On a subcellular level, one can biochemically assess activities of individual enzymes, both glycolytic and mitochondrial. Relative changes in enzyme activities can inform about the overall efficiency of the pathway that they belong to. Such assays involve tissue homogenization under the conditions that preserve enzyme conformation and function, e.g. ice-cold bath, absence of proteases, etc. Very often such assays are combined with measurements of expression levels of enzymes or their subunits if they are multiunit complexes. This became especially common after the development of high throughput transcriptomic and proteomic methods (Haider and Pal, 2013). One major weakness of the subcellular approach is that the interpretation of the data is not trivial. First, this approach lacks the cellular context and isolated enzymes placed in an artificial buffer may behave very differently than they do in vivo. Second, there is always some damage due to homogenization. Third, protein expression does not always reflect its activity. For example, higher than normal expression of mitochondrial proteins is often a compensatory measure during mitochondrial dysfunction (To et al., 2019), yet it is sometimes interpreted as a marker of increased mitochondrial activity.

Isolated mitochondria

Another subcellular level of investigation is working with isolated organelles, in our case, mitochondria. Isolation of mitochondria requires conditions that preserve their integrity, such as ice-cold bath, absence of calcium, etc. Functional assays of isolated mitochondria include measurement of basal, ADP-induced, and maximal (uncoupled) oxygen consumption and calculation of a respiratory control ratio. This can be done using Clark type electrode (Silva and Oliveira, 2012) and air-tight temperature-controlled chamber or using more recent Oroboros technique. Another functional assay is the measurement of mitochondrial membrane potential, ΔΨm, using lipophilic cationic probes, such as tetraphenylphosphonium (TPP+) and TPP-selective electrode (Moreno et al., 2015) or fluorescent tetramethylrodamine ester (TMRE) and fluorescent detection (Scaduto and Grotyohann, 1999). The same drawbacks as for enzymatic assays apply here, i.e. the lack of cellular context and possible damage during isolation.

Live cells

Extracellular fluxes

Analysis of live cells provides more physiologically relevant information when compared to cell extracts or isolated mitochondria. There are various live cell-based assays of bioenergetics.
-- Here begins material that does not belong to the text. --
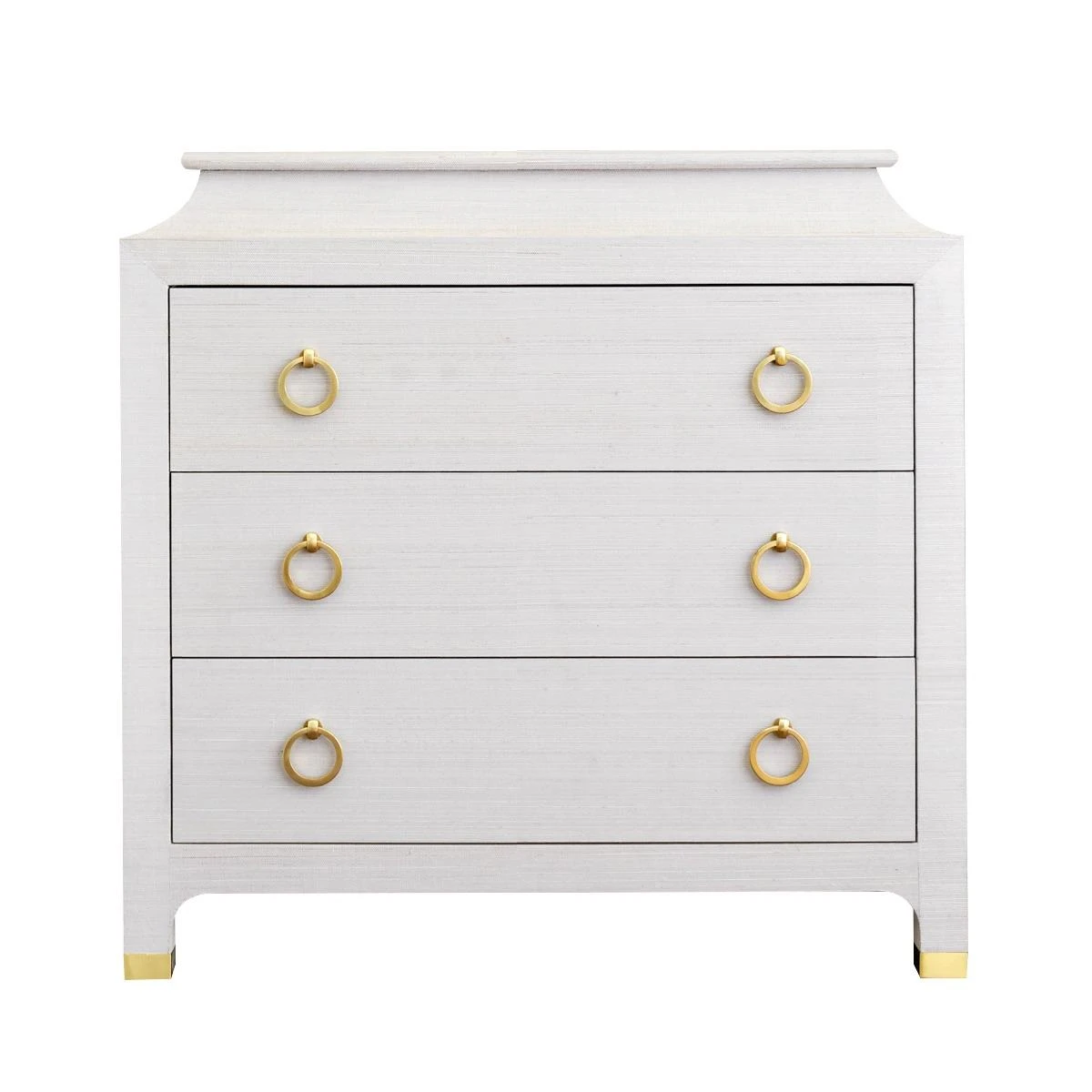 Sly and masterful, our Espionage Chest steals the show with its unique design. Pale mist grasscloth is accented with brass pulls and sabots for a refined look.
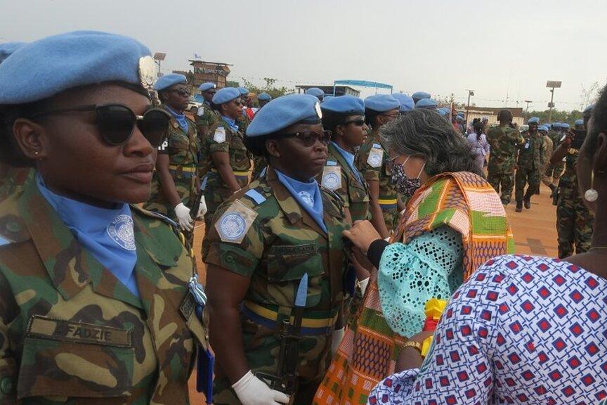 Female troops are key to the peacekeeping efforts of Ghana's contingent in Unity State. They, and their male colleagues, were recently awarded medals for their great performance. Photos: Roseline Nzelle Nkwelle/UNMISS

Of them, one particular method has recently gained popularity – analysis of extracellular fluxes using the Seahorse XF technology now owned by Agilent (Gu et al., 2021). It allows for simultaneous high throughput measurements of OxPhos and glycolytic function under the physiologically relevant conditions. It also allows for automated temporally controlled additions of up to four different compounds during the course of the experiment. The readouts are the oxygen consumption rate (OCR), a measure of OxPhos, and extracellular acidification rate (ECAR), a measure of glycolytic lactate production. This is a very informative method and, in most cases, the assay of choice. However, it still requires a lot of optimization in each particular case and careful consideration of media constituents and conditions. In general, the assay media should be as close to physiological conditions as possible unless there are specific reasons to manipulate them. For example, pyruvate is often added to the media as a fuel, however cells in vivo are exposed to very low levels of pyruvate. If the goal is to measure basal activity levels of OxPhos and glycolysis, exogenous pyruvate can skew these measurements. However, when the goal is to study the effect of forced activation of OxPhos for example by replacing media glucose with galactose (Shares et al., 2018), presence of pyruvate can maximize the effect. Another example is glucose concentration. Many different media formulations have supraphysiological levels of glucose, e.g. 25 mM. Such levels of glucose can induce the Crabtree effect (Pfeiffer and Morley, 2014), i.e. inhibition of OxPhos, and, thus, should be avoided unless the goal is to study diabetes-like conditions. If the Seahorse XF is not available, one can still detect changes in the lactate production as a measure of glycolysis using enzymatic assay and oxygen consumption as a measure of OxPhos using the Clark electrode.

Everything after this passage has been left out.